How to complete this task:
Every line of the material must be given again verbatim. Skip the images.

Given material:
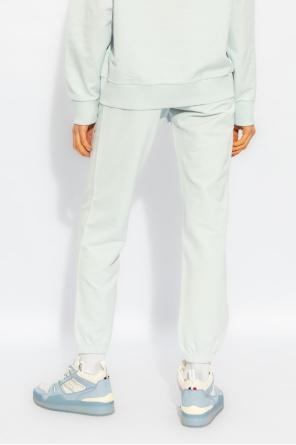 Moncler的浅蓝色棉质运动裤。抽绳松紧腰头。饰有标志贴花。两个插袋。松紧裤脚。
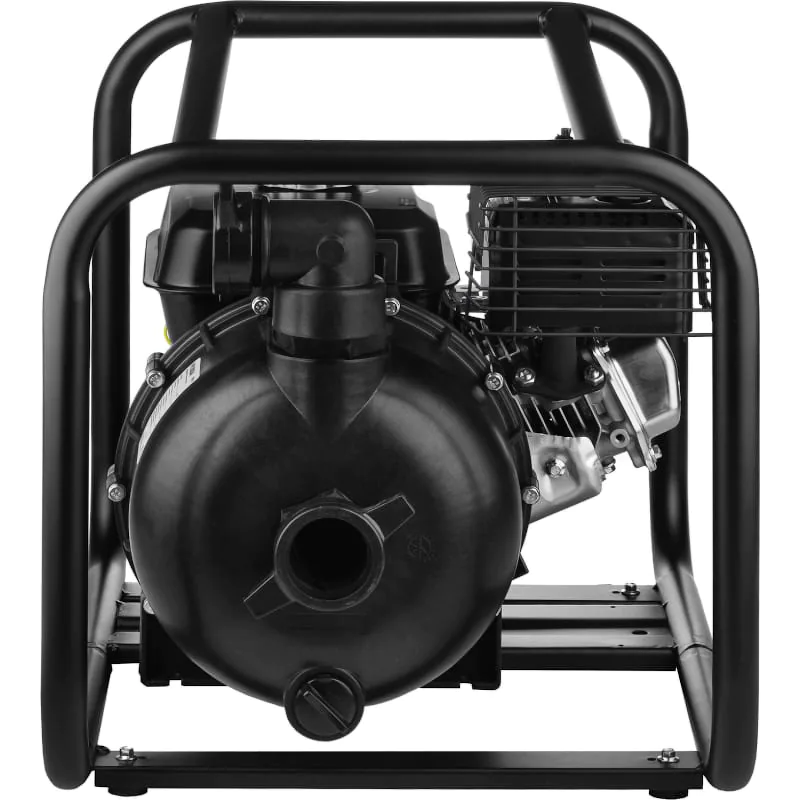 Корпус мотопомпы HYUNDAI HYA 53 сделан из армированного технополимера. Такой материал не подвергается окислению, устойчив к абразивному износу. Двигатель и насос защищены прочной стальной рамой. Она предотвращает поломку аппарата при транспортировке. Низ рамы служит устойчивым основанием, а верхняя часть образует рукоятки для переноски.
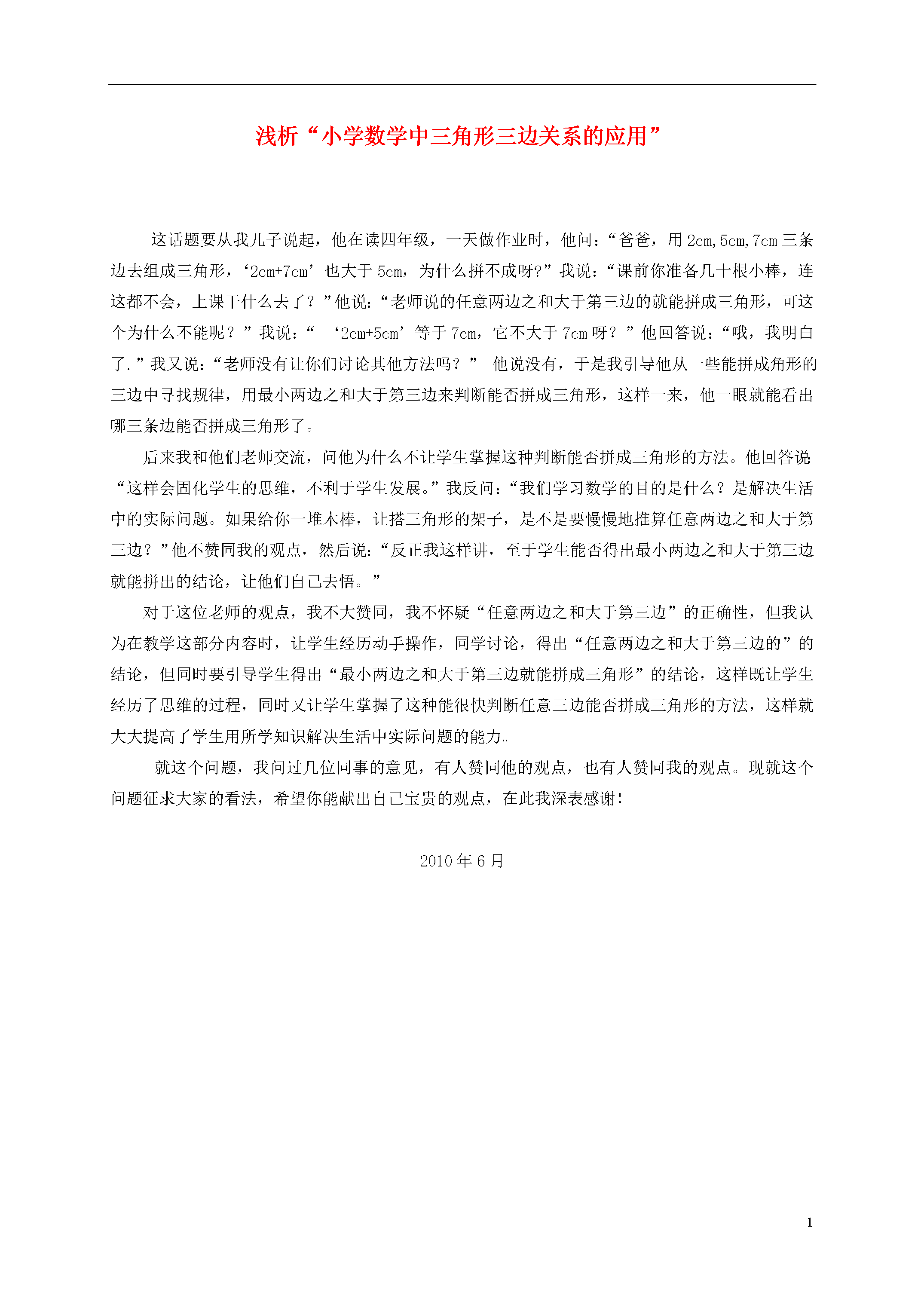 1浅析“小学数学中三角形三边关系的应用”这话题要从我儿子说起,他在读四年级,一天做作业时,他问:“爸爸,用2cm,5cm,7cm三条边去组成三角形,‘2cm+7cm’也大于5cm,为什么拼不成呀?”我说:“课前你准备几十根小棒,连这都不会,上课干什么去了?”他说:“老师说的任意两边之和大于第三边的就能拼成三角形,可这个为什么不能呢?”我说:“‘2cm+5cm’等于7cm,它不大于7cm呀?”他回答说:“哦,我明白了.”我又说:“老师没有让你们讨论其他方法吗?”他说没有,于是我引导他从一些能拼成角形的三边中寻找规律,用最小两边之和大于第三边来判断能否拼成三角形,这样一来,他一眼就能看出哪三条边能否拼成三角形了。后来我和他们老师交流,问他为什么不让学生掌握这种判断能否拼成三角形的方法。他回答说:“这样会固化学生的思维,不利于学生发展。”我反问:“我们学习数学的目的是什么?是解决生活中的实际问题。如果给你一堆木棒,让搭三角形的架子,是不是要慢慢地推算任意两边之和大于第三边?”他不赞同我的观点,然后说:“反正我这样讲,至于学生能否得出最小两边之和大于第三边就能拼出的结论,让他们自己去悟。”对于这位老师的观点,我不大赞同,我不怀疑“任意两边之和大于第三边”的正确性,但我认为在教学这部分内容时,让学生经历动手操作,同学讨论,得出“任意两边之和大于第三边的”的结论,但同时要引导学生得出“最小两边之和大于第三边就能拼成三角形”的结论,这样既让学生经历了思维的过程,同时又让学生掌握了这种能很快判断任意三边能否拼成三角形的方法,这样就大大提高了学生用所学知识解决生活中实际问题的能力。就这个问题,我问过几位同事的意见,有人赞同他的观点,也有人赞同我的观点。现就这个问题征求大家的看法,希望你能献出自己宝贵的观点,在此我深表感谢!2010年6月
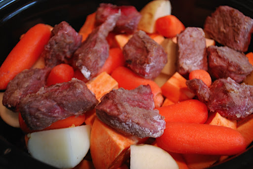 I started by softening some chopped onions in olive oil to lend an additional level of flavor to my end product. I removed the onions with a slotted spoon and they became the first layer in my Crock Pot. I dredged about 1.5 lbs of stew beef (whatever was on sale @Price Chopper last week) in flour and, working in small batches, browned the meat in the onion-y olive oil. When the olive oil began to get a little sparse, I threw in ~ 2T of butter to continue the process. As the meat became brown, I removed it and placed it in the Crock Pot, layering it with chunks of potatoes, about 6 small garlic cloves (whole), peeled chunks of sweet potatoes and carrots. What can I say? I like orange.

The answer:
 Moncler的浅蓝色棉质运动裤。抽绳松紧腰头。饰有标志贴花。两个插袋。松紧裤脚。
 Корпус мотопомпы HYUNDAI HYA 53 сделан из армированного технополимера. Такой материал не подвергается окислению, устойчив к абразивному износу. Двигатель и насос защищены прочной стальной рамой. Она предотвращает поломку аппарата при транспортировке. Низ рамы служит устойчивым основанием, а верхняя часть образует рукоятки для переноски.
 1浅析“小学数学中三角形三边关系的应用”这话题要从我儿子说起,他在读四年级,一天做作业时,他问:“爸爸,用2cm,5cm,7cm三条边去组成三角形,‘2cm+7cm’也大于5cm,为什么拼不成呀?”我说:“课前你准备几十根小棒,连这都不会,上课干什么去了?”他说:“老师说的任意两边之和大于第三边的就能拼成三角形,可这个为什么不能呢?”我说:“‘2cm+5cm’等于7cm,它不大于7cm呀?”他回答说:“哦,我明白了.”我又说:“老师没有让你们讨论其他方法吗?”他说没有,于是我引导他从一些能拼成角形的三边中寻找规律,用最小两边之和大于第三边来判断能否拼成三角形,这样一来,他一眼就能看出哪三条边能否拼成三角形了。后来我和他们老师交流,问他为什么不让学生掌握这种判断能否拼成三角形的方法。他回答说:“这样会固化学生的思维,不利于学生发展。”我反问:“我们学习数学的目的是什么?是解决生活中的实际问题。如果给你一堆木棒,让搭三角形的架子,是不是要慢慢地推算任意两边之和大于第三边?”他不赞同我的观点,然后说:“反正我这样讲,至于学生能否得出最小两边之和大于第三边就能拼出的结论,让他们自己去悟。”对于这位老师的观点,我不大赞同,我不怀疑“任意两边之和大于第三边”的正确性,但我认为在教学这部分内容时,让学生经历动手操作,同学讨论,得出“任意两边之和大于第三边的”的结论,但同时要引导学生得出“最小两边之和大于第三边就能拼成三角形”的结论,这样既让学生经历了思维的过程,同时又让学生掌握了这种能很快判断任意三边能否拼成三角形的方法,这样就大大提高了学生用所学知识解决生活中实际问题的能力。就这个问题,我问过几位同事的意见,有人赞同他的观点,也有人赞同我的观点。现就这个问题征求大家的看法,希望你能献出自己宝贵的观点,在此我深表感谢!2010年6月
 I started by softening some chopped onions in olive oil to lend an additional level of flavor to my end product. I removed the onions with a slotted spoon and they became the first layer in my Crock Pot. I dredged about 1.5 lbs of stew beef (whatever was on sale @Price Chopper last week) in flour and, working in small batches, browned the meat in the onion-y olive oil. When the olive oil began to get a little sparse, I threw in ~ 2T of butter to continue the process. As the meat became brown, I removed it and placed it in the Crock Pot, layering it with chunks of potatoes, about 6 small garlic cloves (whole), peeled chunks of sweet potatoes and carrots. What can I say? I like orange.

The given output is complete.